L'exercice auquel vous vous êtes livré (présenter une suite de citations toutes écrites ou prononcées lorsque les relations de Mgr L. avec Rome étaient au creux de la vague) a été réalisé par d'autres, notamment par Ennemond, sur ce forum. La seule différence était que celui-ci avait choisi de citer les déclarations de Mgr Lefebvre favorables à une reconnaissance canonique. La liste était tout aussi longue et percutante que la vôtre et elle comprenait des citations prises à toutes les époques, y compris après 1988.

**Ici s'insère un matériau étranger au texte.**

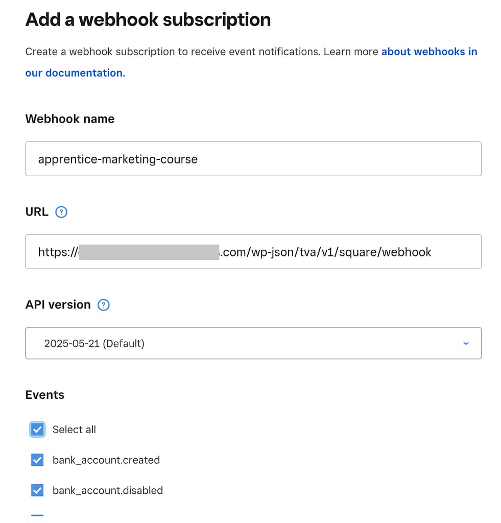 On the Square webhook detail page after clicking Add subscription, enter the webhook name, the URL you’ve just copied, and select all the events in the form.

Opposer citations contre citations est une perte de temps. Oui, d'une certaine manière, lorsqu'il envisageait un accord avec Rome, Mgr Lefebvre a dit "tout et son contraire" comme vous l'écrivez en laissant entendre que ce serait stigmatisant. Il a même tenu des propos flirtant avec le sédévacantisme. Cela ne signifie pas qu'on doive le lui reprocher, il a avancé en tâtonnant dans les ténèbres et la complexité de la crise de l'Église. Mais toujours, il faut sans cesse le rappeler, lorsque Mgr Lefebvre a perçu la possibilité que Rome rétablisse son oeuvre dans cette légitimité canonique dont il a toujours déploré la perte, il s'est précipité à Rome, au sens propre comme au figuré.